→ **AIM OF THE TASK**
Your task is to repeat all of the data exactly while excluding the pictures.
====== SUPPLIED DATA ======
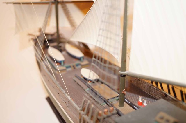 Здравствуйте. А расположение малой шлюпки вы сами придумали или в схеме так было? Сам сейчас собираю такую. Паруса окрашивали? Если да то скажите как, очень понравился их цвет. А вот перо руля установлено не верно у вас, набор не правильно предлагает его установить, его надо было развернуть. Может набор не от Звезды, а от Heller? В целом получилось не плохо. Не хотите показать модель в прихожей?
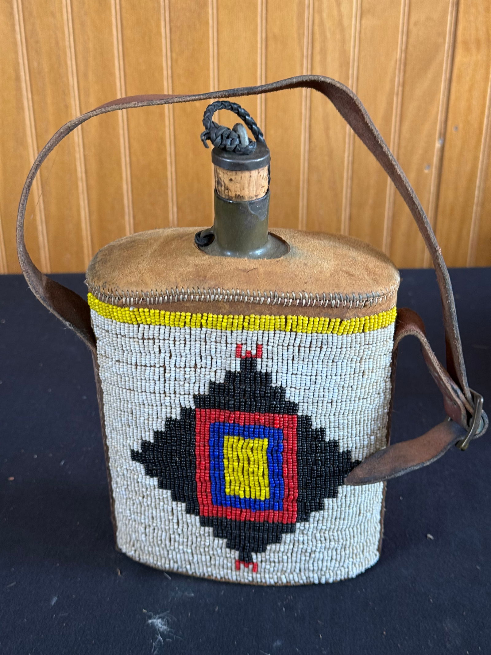 Leather cased canteen w/beadwork
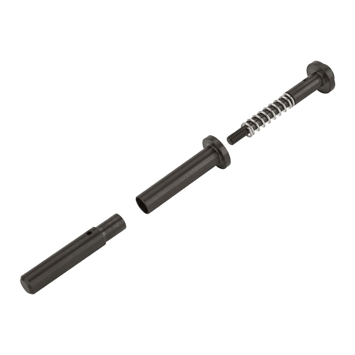 The guide rod is designed to help reduce recoil, bolt carrier speed, wear/ tear on parts, shock and vibration to your optics, improved reliability and suppress bolt bounce by using two springs for recoil versus the traditional single spring. The drop-in buffer features a high density spring that absorbs the shock from the bolt carrier. It produces significant reductions in muzzle climb and recoil and gives users more consistent performance.
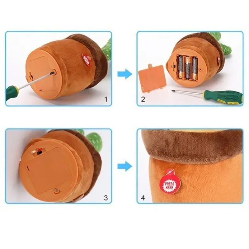 Записуючий пристрій в кактусі запише будь-яку вашу пропозицію, яку Ви вимовите поруч з кактусом, що танцює, і через 1-2 секунди він повторить ваші слова дуже смішним голосом і витонченим танцем!
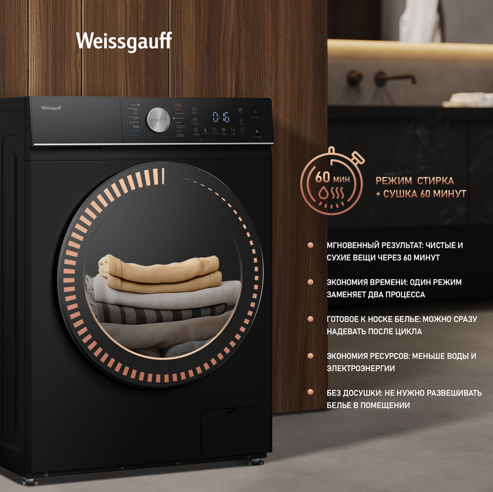Фото Стиральная машина с фронтальной загрузкой Weissgauff WMD 61211 D Inverter Steam Matt Black
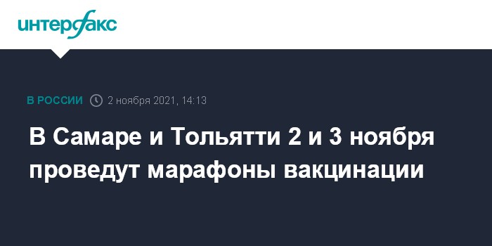 Москва. 2 ноября. INTERFAX.RU - 2 ноября в Самаре, а 3 ноября в Тольятти проведут акции "Единый день вакцинации" на крупнейших городских площадках, сообщила пресс-служба областного правительства.
======
→ **SOLUTION BELOW**
 Здравствуйте. А расположение малой шлюпки вы сами придумали или в схеме так было? Сам сейчас собираю такую. Паруса окрашивали? Если да то скажите как, очень понравился их цвет. А вот перо руля установлено не верно у вас, набор не правильно предлагает его установить, его надо было развернуть. Может набор не от Звезды, а от Heller? В целом получилось не плохо. Не хотите показать модель в прихожей?
 Leather cased canteen w/beadwork
 The guide rod is designed to help reduce recoil, bolt carrier speed, wear/ tear on parts, shock and vibration to your optics, improved reliability and suppress bolt bounce by using two springs for recoil versus the traditional single spring. The drop-in buffer features a high density spring that absorbs the shock from the bolt carrier. It produces significant reductions in muzzle climb and recoil and gives users more consistent performance.
 Записуючий пристрій в кактусі запише будь-яку вашу пропозицію, яку Ви вимовите поруч з кактусом, що танцює, і через 1-2 секунди він повторить ваші слова дуже смішним голосом і витонченим танцем!
Фото Стиральная машина с фронтальной загрузкой Weissgauff WMD 61211 D Inverter Steam Matt Black
 Москва. 2 ноября. INTERFAX.RU - 2 ноября в Самаре, а 3 ноября в Тольятти проведут акции "Единый день вакцинации" на крупнейших городских площадках, сообщила пресс-служба областного правительства.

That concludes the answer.